In his comment at the event, a maritime lawyer, Emeka Akabogu said that Nigeria loses $4 billion because of a lack of inland waterway transport.
“There are three legs to shipping, fleet expansion, ship repairs, and shipbuilding and the country is losing $9bn annually to non-participation in international freight services,” he said.
In addition, Akabogu noted that the fishing sub-sector of the maritime industry contributes N282bn annually to the economy.
“Nigeria’s coastal resources have an estimated capacity of $504tn. Current realized capacity is $106tn in export and import on frozen fish is $876m,” he stated.
According to Akabugo, NIMASA’s Former Director General Dr.Bashir Jamoh has stated that Nigeria is losing about $25 billion a year on illegal maritime activities, and the Nigerian National Petroleum Corporation Limited loses around $1.35 billion in oil bunkering.
He underlined that Nigeria currently has 4419 registered ships with a total tonnage of 5.8 billion.

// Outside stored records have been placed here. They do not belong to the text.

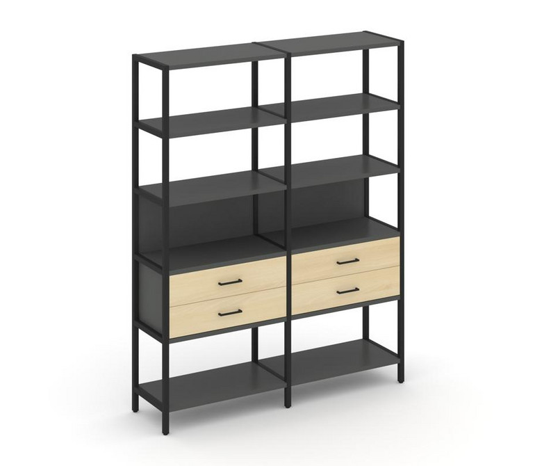 Shelf System Двухсекционный стеллаж пятиярусный с ящиками SN.STM-522 Антрацит/Акация Лорка/Металл Че
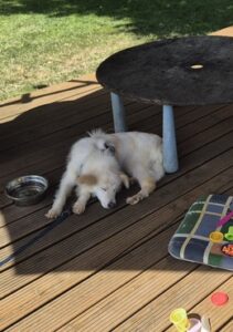 Pino musste heute etwas lernen. Zierliche Sammyhündinnen können höher fliegen, als große Rüden (-;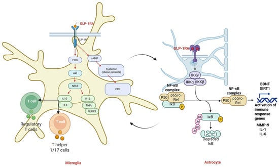 GLP-1 receptor agonist (GLP-1RA) modulation of microglial and astrocytic inflammatory pathways. Activation of GLP-1R on microglia engages PI3K/Akt and cAMP signaling, leading to downstream inhibition of NF-κB and reduced production of pro-inflammatory cytokines (IL-1β, TNF-α) and NLRP3 inflammasome activity, while promoting anti-inflammatory cytokines such as IL-10 and IL-4. GLP-1RA signaling also influences T-cell polarization by promoting regulatory T cells and reducing Th1/Th17-associated responses. In astrocytes, GLP-1RA activation reduces NF-κB signaling by inhibiting IKKα/β/γ-dependent phosphorylation and degradation of IκB, thereby limiting transcription of pro-inflammatory genes and promoting neurotrophic factors such as BDNF and SIRT1. These intracellular immunomodulatory mechanisms—including NF-κB inhibition, IKK complex regulation, modulation of T-cell–microglia interactions, and downregulation of MMP-9, IL-1, and IL-6, are supported primarily by preclinical in vitro and in vivo studies. Clinically, GLP-1RAs reduce systemic inflammatory markers such as CRP and IL-6 and improve metabolic and cardiometabolic status; however, direct effects of GLP-1RAs on microglial or astrocytic NF-κB signaling, T-cell–microglia crosstalk, or neuroimmune gene expression have not yet been demonstrated in human CNS tissues and therefore remain preclinical mechanisms. This distinction clarifies the translational relevance of the pathways depicted.
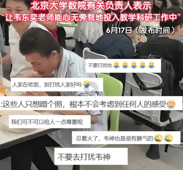 畫面中,不少圍觀者湊到其身邊拍照、合影,還有人問身邊人“拍到了嗎”,而韋東奕對(duì)此并未理會(huì),依舊專心吃飯。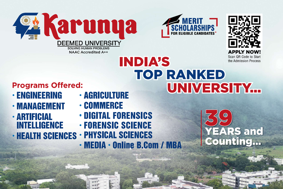 - Rs. 20,000 scholarship at Karunya University. (* T&C apply)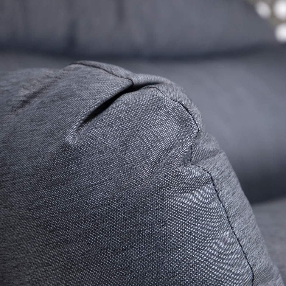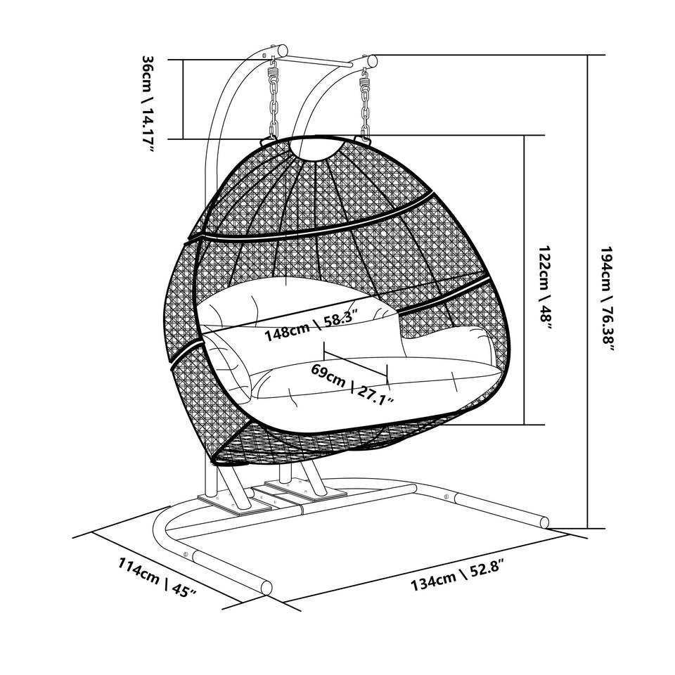 Fauteuil suspendu double en osier pour 2 personnes avec support et coussin bleu poussière (noir et bleu poussière) pour usage extérieur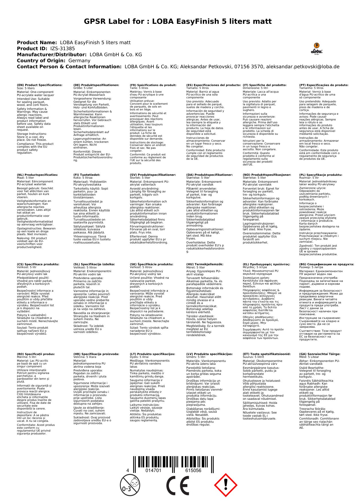 Cuir ceist chun níos mó a fhoghlaim faoin táirgeLoba EasyFinish 5 Lítear, Vearnais adhmaid Neamhlonrach, Críochnú adhmaid Neamhlonrach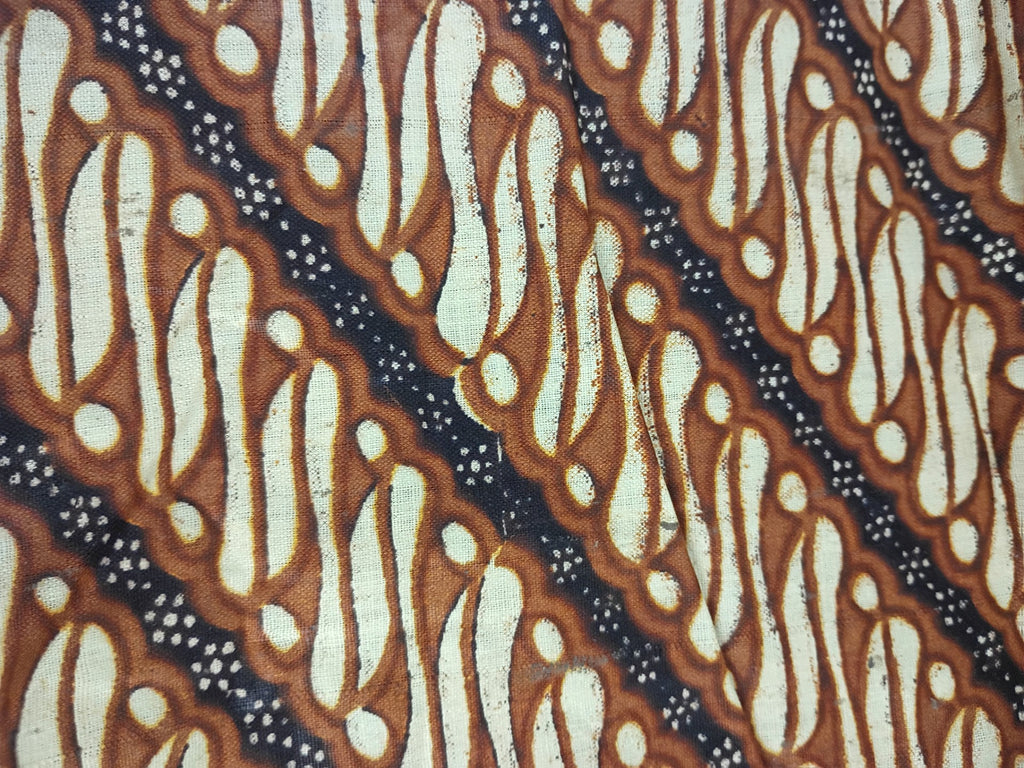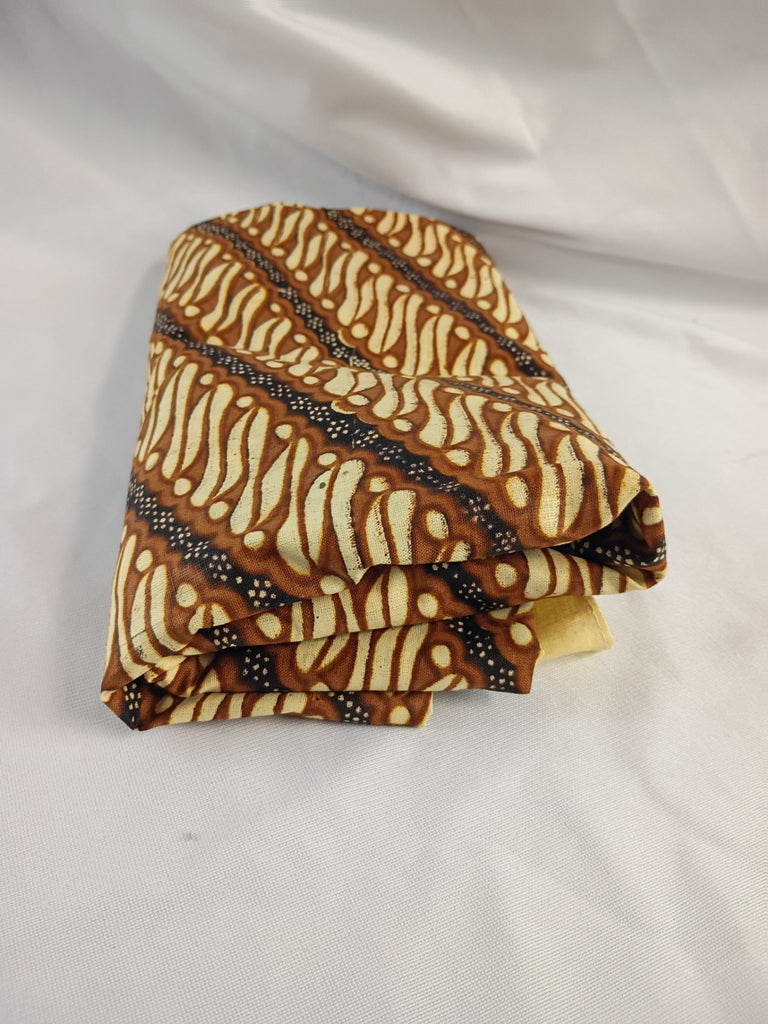 Hand painted fabric using the Batik technique. Likely from Indonesia. Waxy geometric pattern throughout. Measures 70"L x 37"W.

“The summary of the valid registered vessels is 2,136 with a 4.2 billion gross tonnage, invalid registered ships are 61, cabotage registered vessels are 1033, with a gross tonnage of 1.9 million. The foreign-owned vessels are 18 with a gross tonnage of 125 million,” he added.

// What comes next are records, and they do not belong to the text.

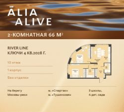 Одна из самых ярких и впечатляющих частей жилого района ALIA — премиальный квартал ALIA ALIVE. Это две башни LIGHTHOUSE от бюро APEX на первой береговой линии Москвы-реки с закрытым внутренним двором, детскими и спортивными площадками. Во всех квартирах — высокие потолки и панорамные окна, из которых открываются вдохновляющие виды на реку и зеленые массивы парков. Среди редких форматов — квартиры с террасой, двухуровневые квартиры и пентхаусы.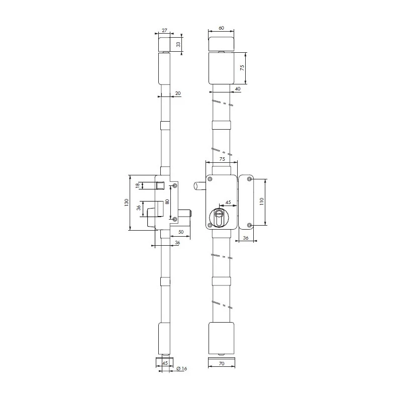 Pênes haut et bas en acier Ø 16 mm sur tringles plates en acier permettant un ajustement très précis à la longueur désirée et ne nécessitant aucune recoupe.
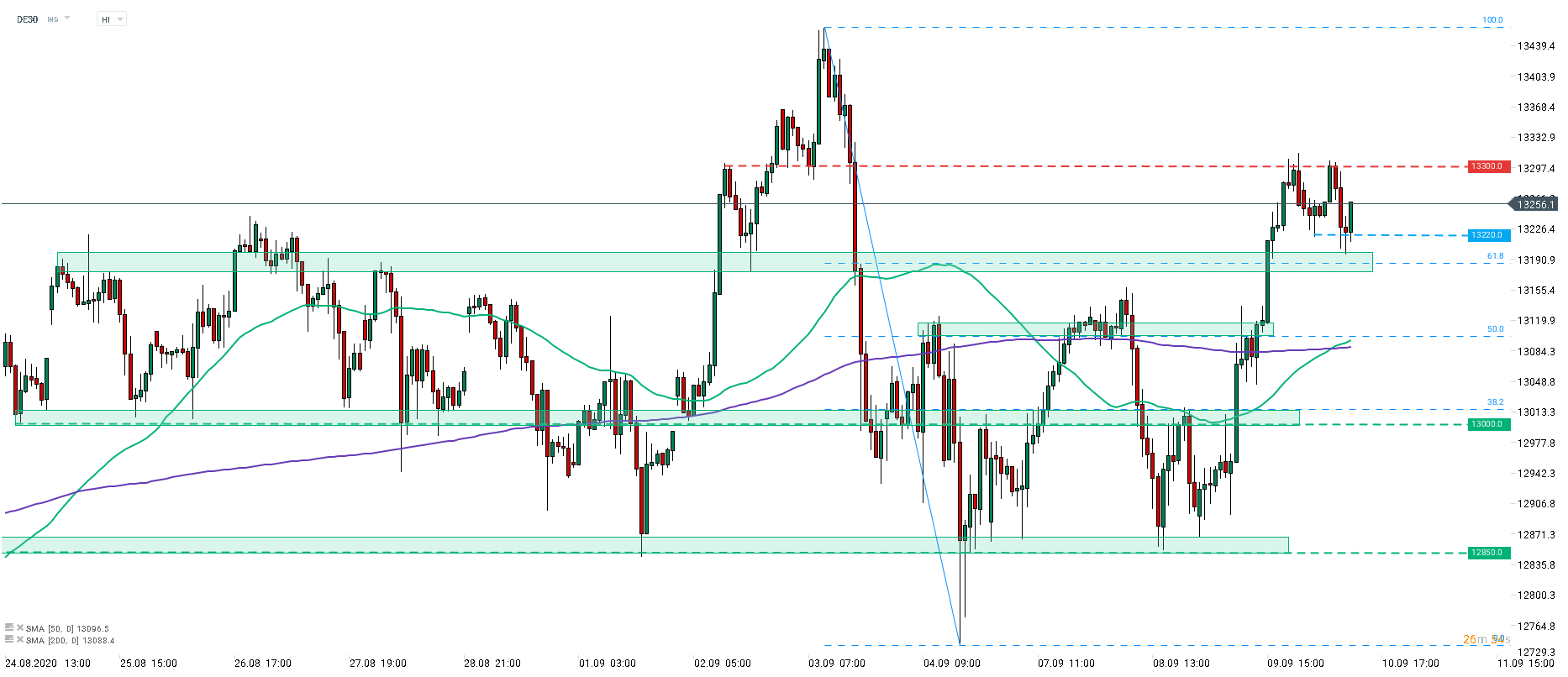 DE30 tem vindo a recuperar grande parte das perdas depois dos últimos dias da última semana que registaram correções acentuadas. Neste moment conseguimos ver, através do gráfico que o preço tem estado abrandar a tendência e encontra-se neste momento a testar a zona de suporte na qual tem dado sinais de rejeição à mesma.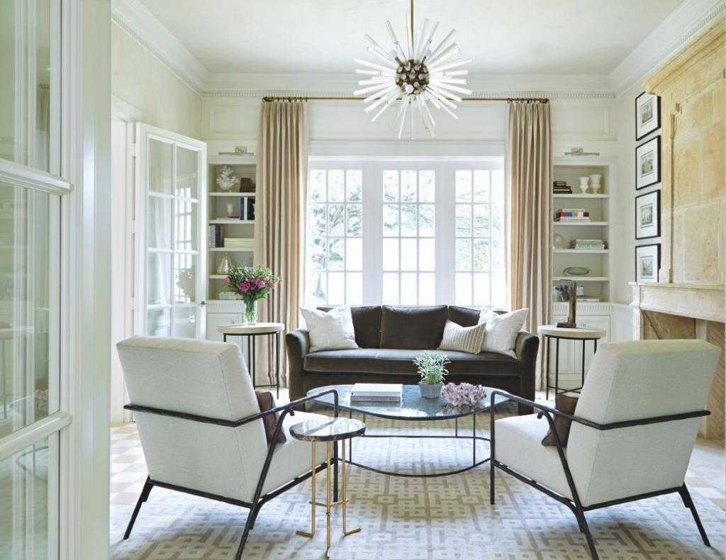 Мебель расставляют со вкусом, но не изобилуют ее наличием. Стараются приобретать только самое необходимое и нужное. Допускается наличие коричневых и серых оттенков. Популярен стиль в Англии.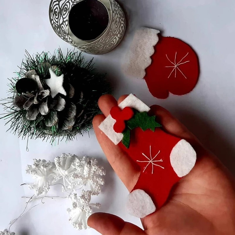 تزیینی زیبا برای تم یلدا و کریسمس یادگاری بی نظیر به عزیزان آویزی دلنشین برای اتاق کودک و آتلیه ای حرفه ای با مجموعه تم های برفی با تزیین این مدل جوراب و دستکش مدل کلاه هم موجود میباشد .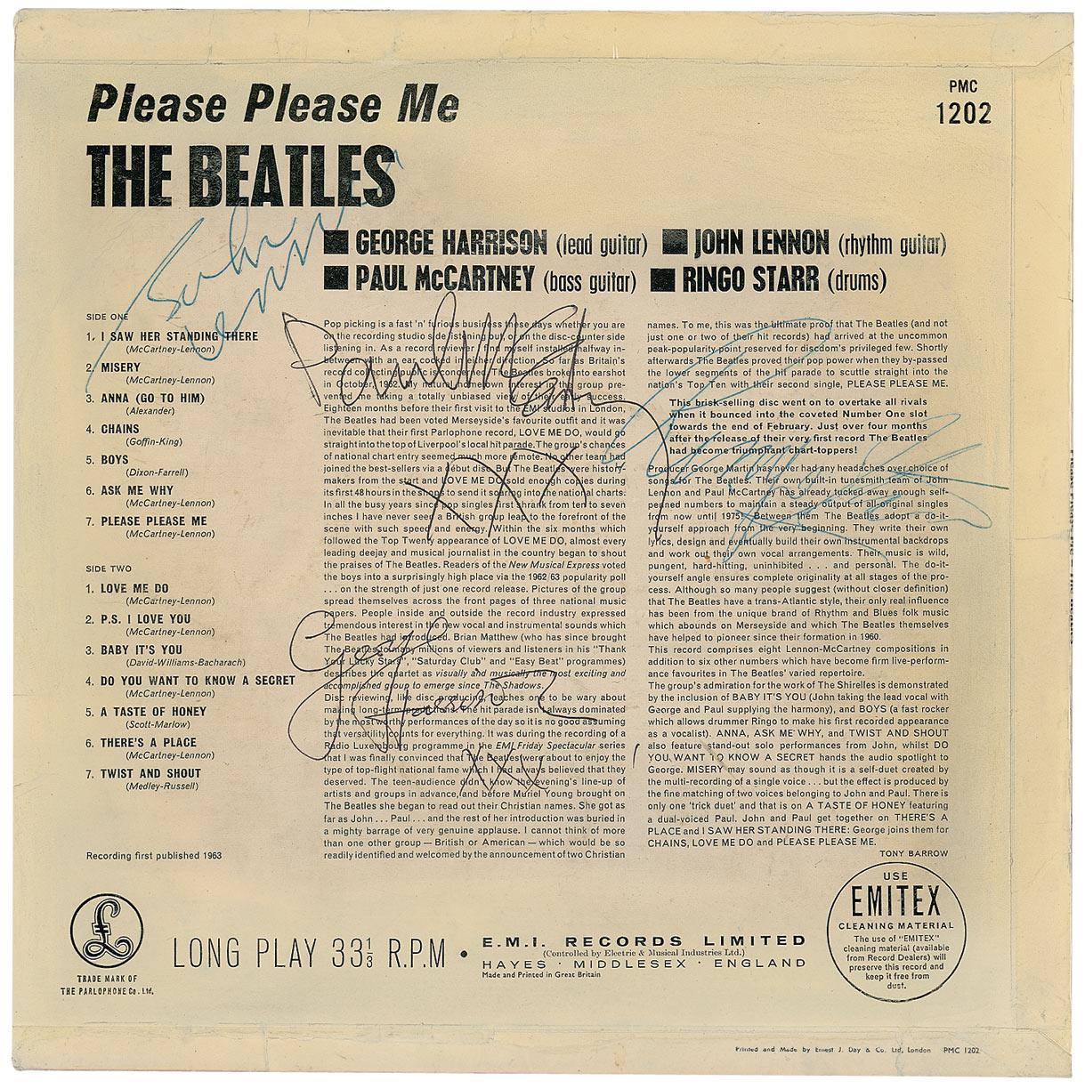 Please Please Me album signed on the back cover in blue ballpoint, “John Lennon,” and “Ringo Starr,” and in black ballpoint, “Paul McCartney xxx,” and “George Harrison xxx.” The back cover has benefitted from tasteful and unobtrusive professional cleaning, and the album is in very good to fine condition, with uniform mild toning and some scattered light creases to back cover, and creasing and soiling to front cover. The record is not included. Accompanied by a certificate of authenticity from Tracks stating that the “autographs were obtained at the Gaumont Cinema, Worcester, England on September 4th, 1963.” Any album signed by all four members is highly desirable, with only roughly 75 signed copies of this title known to exist.

Meanwhile, the Flag Officer Commanding Western Naval Command, Nigerian Navy, Rear Admiral Mustapha Hassan stated that several requirements had to be met by NIMASA for the implementation of the Cabotage Act, which was not in effect since its adoption.
He emphasised the need for inter-agency cooperation under the cabotage scheme to deal with issues related to the boarding and inspection of ships, in particular through an automatic identification system.
A former DG of NIMASA, Temisan Omatseye stated that the Agency was set up with a primary mission of supporting, protecting, and enabling indigenous ship owners to raise their vessels.
However, he noted that the CVFF Fund would not be made available to NIMASA’s existing leadership.
Omatseye noted that the financial regulations go against banking and finance institutions’ regulations.
“By the CVFF, NIMASA is doing the risk assessment but the disbursing does not allow an outsider to do the risk assessment, as it negates the law that binds the funding,” he remarked.